Legislative Yuan passes changes to aviation act - Taipei Times
Wed, Apr 04, 2018 - Page 3 News List

Legislative Yuan passes changes to aviation act

By Sean Lin  /  Staff reporter

The Legislative Yuan yesterday approved draft amendments to the Civil Aviation Act (民用航空法) that include a provision stipulating that airline owners who unexpectedly close down their airlines would face a maximum prison term of three years and a maximum fine of NT$200 million (US$6.86 million).

The draft amendments were proposed in light of TransAsia Airways’ unexpected closure in 2016, which caused losses to its passengers and shareholders.

According to the amended act, airlines must submit a closure plan to the Civil Aeronautics Association (CAA) two months before they intend to end operations.

Airlines that breach this rule would face a fine of between NT$600,000 and NT$3 million, while their owners could be fined between NT$600,000 and NT$12 million.

Airline owners that cause third parties severe losses as a result of unexpected closure would face a maximum prison term of three years and a fine of between NT$20 million and NT$200 million, the amendments say.

They also impose rules on drones, with drones weighing 250g or more or determined by the CAA to be equipped with “special features” requiring to be registered with the agency and local governments, and their owners required to pass a license test administered by the agency.

People who illegally fly drones near airports, flight-restricted areas or no-flight areas would face a fine of between NT$300,000 and NT$1.5 million, and have their drones confiscated.

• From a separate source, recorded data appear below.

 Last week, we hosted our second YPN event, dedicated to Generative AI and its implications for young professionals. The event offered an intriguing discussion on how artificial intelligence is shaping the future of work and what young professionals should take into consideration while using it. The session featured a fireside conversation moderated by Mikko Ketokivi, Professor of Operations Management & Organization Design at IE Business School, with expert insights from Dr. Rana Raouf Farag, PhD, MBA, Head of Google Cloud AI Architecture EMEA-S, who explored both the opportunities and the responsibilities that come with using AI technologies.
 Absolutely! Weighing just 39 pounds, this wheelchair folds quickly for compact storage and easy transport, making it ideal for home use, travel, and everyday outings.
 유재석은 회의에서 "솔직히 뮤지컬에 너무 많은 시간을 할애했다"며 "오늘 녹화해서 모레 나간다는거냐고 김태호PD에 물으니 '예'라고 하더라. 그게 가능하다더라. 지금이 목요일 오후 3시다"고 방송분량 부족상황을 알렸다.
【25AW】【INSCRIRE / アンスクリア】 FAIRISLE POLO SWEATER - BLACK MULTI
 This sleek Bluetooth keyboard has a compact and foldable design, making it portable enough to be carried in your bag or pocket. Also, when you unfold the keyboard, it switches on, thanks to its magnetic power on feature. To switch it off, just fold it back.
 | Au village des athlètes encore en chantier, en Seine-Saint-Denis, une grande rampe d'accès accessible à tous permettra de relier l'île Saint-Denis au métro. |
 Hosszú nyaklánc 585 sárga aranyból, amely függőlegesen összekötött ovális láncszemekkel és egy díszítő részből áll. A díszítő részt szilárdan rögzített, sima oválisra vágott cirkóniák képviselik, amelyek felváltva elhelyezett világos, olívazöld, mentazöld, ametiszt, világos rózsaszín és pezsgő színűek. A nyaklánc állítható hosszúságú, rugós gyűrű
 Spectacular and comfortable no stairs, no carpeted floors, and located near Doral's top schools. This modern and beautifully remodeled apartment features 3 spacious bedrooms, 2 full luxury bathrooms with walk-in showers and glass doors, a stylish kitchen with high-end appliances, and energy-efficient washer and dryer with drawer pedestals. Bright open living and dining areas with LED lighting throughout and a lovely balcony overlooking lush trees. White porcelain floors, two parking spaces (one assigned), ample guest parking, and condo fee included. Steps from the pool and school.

Meanwhile, proposed amendments to the Alternative Service Regulations for Military Service (替代役實施條例) were approved after a third reading, giving Aboriginal conscripts priority to perform services at their settlements when being assigned their alternative military service.

New Power Party Legislator Kawlo Iyun Pacidal, an Amis, and Democratic Progressive Party Legislator Chen Ying (陳瑩), a Puyuma, who proposed the amendments, said the new stipulation would allow young Aborigines to learn more about their culture.

A new rule introduced by People First Party (PFP) Legislator Chen Yi-chieh (陳怡潔) stipulates that supervisors of alternative service personnel who assault, verbally insult or cause the health of personnel to seriously deteriorate are to be fined between NT$50,000 and NT$500,000.

Chen Yi-chieh said the new rule is an improvement on former regulations, which only stipulated that the quota on the number of alternative service personnel a government or public agency could recruit should be reduced or canceled if it is found to have mistreated alternative service personnel.

That did not provide conscripts with enough protection, the PFP lawmaker said.